何コールかして、かなり待ってからやっと「…はい」と、張り詰めたような声で電話が繋がった。
「月城だけど。お前ら四人一緒?」
「…………はい」
「昨日のことだけど。どうすんの」
「…………すみませんでした」
「すみませんでしたじゃなくて。どうすんの。アンジェリーかなり怒って裁判起こすって言ってるけど」
ハッタリをかましたら、電話越しに息を飲むのが聞こえる。
さて、どうするかな。
「………………もう、折山にもあのイギリス人にも関わらないんで、勘弁してください」
イギリス人?
名前も知らないで襲ったのかよ。
イライラと頭に血がのぼっていく。
ほんと、きれいな顔なんていいことばかりじゃない。
「さぁな。それ決めるの俺じゃねぇし。ああ、お前らが撮ったムービーな。よく撮れてんじゃん。俺のパソコンに送っといたから」
無意識に手に取っていたタバコにカチッと火をつけて一服しても、苛立ちは収まらない。
服を引かれ、視線を落とすと、アンジェリーが自分のケータイの画面を俺に見せてきていた。
───もういいよ。累くんに関わらないって言ってるなら。その辺にしてあげて。証拠あるし、もうなにもしてこないでしょ。
またイラっとする。こいつは自分がなにされたかわかってんのか。なにが累くんに、だよ。
こいつの肌にあいつらが触れたことも、中にも入れたことも許せない。
今まで付き合った女が誰といようが、誰に抱かれようが、どうでもよかったのに、なんだこれ。

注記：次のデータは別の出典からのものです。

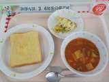 本日の給食は、ハニートースト・トマトシチュー・りんごドレッシングサラダ・牛乳です...
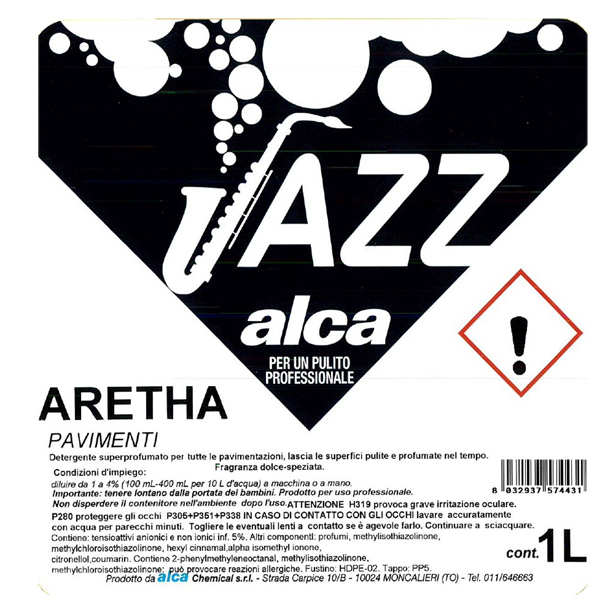 Jazz norah, detergente ad alta profumazione con fragranza dolce speziata. Miscela neutra (ph 7,5) ad alto tenore di profumo con agenti sinergici in base acquosa adatta a lasciare un'atmosfera gradevole nell'ambiente in cui si e' lavorato. Consigliata per luoghi chiusi soggetti a passaggio frequente di persone. Adatta per le pulizie di manutenzione di tutte le superfici lavabili. Prodotto poco schiumoso, adatto all'uso sia manuale che a macchina senza risciacquo, lascia le superfici brillanti e profumate, senza residui ne' aloni. In flacone da 1 litro.
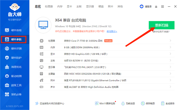 3、进入【硬件参数界面】,用户在这里可了解当前电脑的处理器、内存、显卡、主板等相关的信息参数,选择【重新扫描】可进行检测,
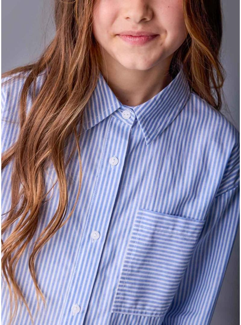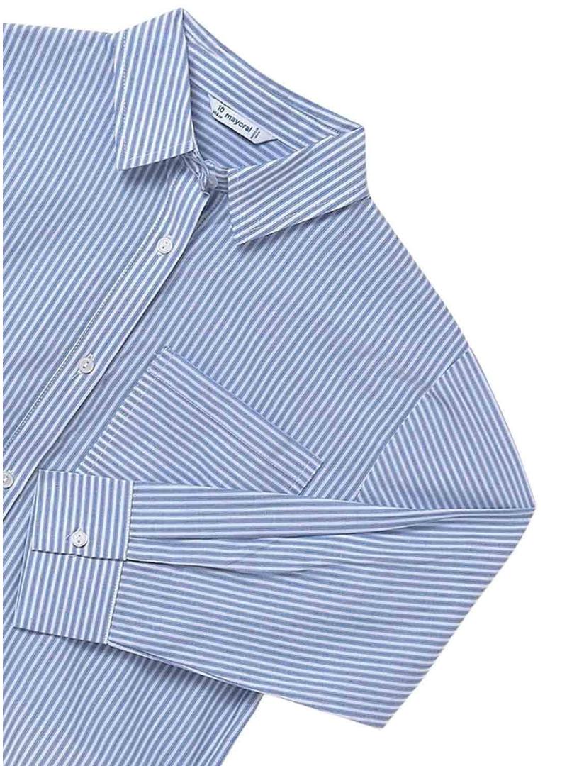 Camisa Mayoral. Manga comprida. Estampa de riscas. Bolso no peito. Cor azul. Baixo arredondado. Fecho com botões na parte da frente. Tecido de popelina.

「───まぁ、アンジェリーの気分次第だろ。本来なら退学はおろか警察事件だからな。アンジェリーにも折山にも謝罪なんていらねぇらしいから関わるな。視界にも入るな。そしたら、高卒くらいできるんじゃねぇの」
苛立ちを吐き出すように言い捨てると、アンジェリーが不安そうな顔で見上げてくる。
お前に怒ってるんじゃねぇよ。
電話中で口には出せないから、代わりに抱き寄せて、頭をなでると、服をきゅっと握られた。
アンジェリーを安心させようと思って撫でたのに、不思議と俺の気持ちが落ち着いていく。
「……………もう、絶対関わりません。本当にすみませんでした」
本当に苦しそうな声で唸るように謝られ、ふうっとタバコの煙を吐き出す。
この分なら心配はなさそうだ。
「ああ。俺の手元に証拠が残ってることわすれないようにな。それと俺に見つかったからやばいんじゃない。四人でバカみたいにつるんでないで一人一人自分の頭でよく考えろよ」
「…………っはい」
「この携帯は職員室の落とし物入れにいれとくから、他の教師に言って受けとれ」
「はい………。本当にすみませんでした」
「ああ」
電話を切ると、アンジェリーがぎゅーっと俺の服に顔をうずめた。
ああ、怖かったんだろうなって背中をさする。こんな小さな体1つくらい、いつでも簡単に守ってやれるのに。
「…………せんせーの」
ポツリと俺の服に顔をうずめたままのアンジェリーが呟いた。
「………人の、弱いとこや汚いとこごと全部受け止めてくれる優しさところが好き」
「優しいってことも、言われた覚えねぇな」
「どこまでも甘やかしてくれる大きい手が、好き」
「いきなりどうしたの。お前」
半笑いでアンジェリーの髪に手を伸ばそうとすると、目に涙をためて、アンジェリーが俺を見上げた。
「せんせーが…………すき………っ。だいすき…………」
それは、いつもの軽い感じの好きとは違い、ガラス玉のような透き通った瞳にまっすぐ俺が映っていた。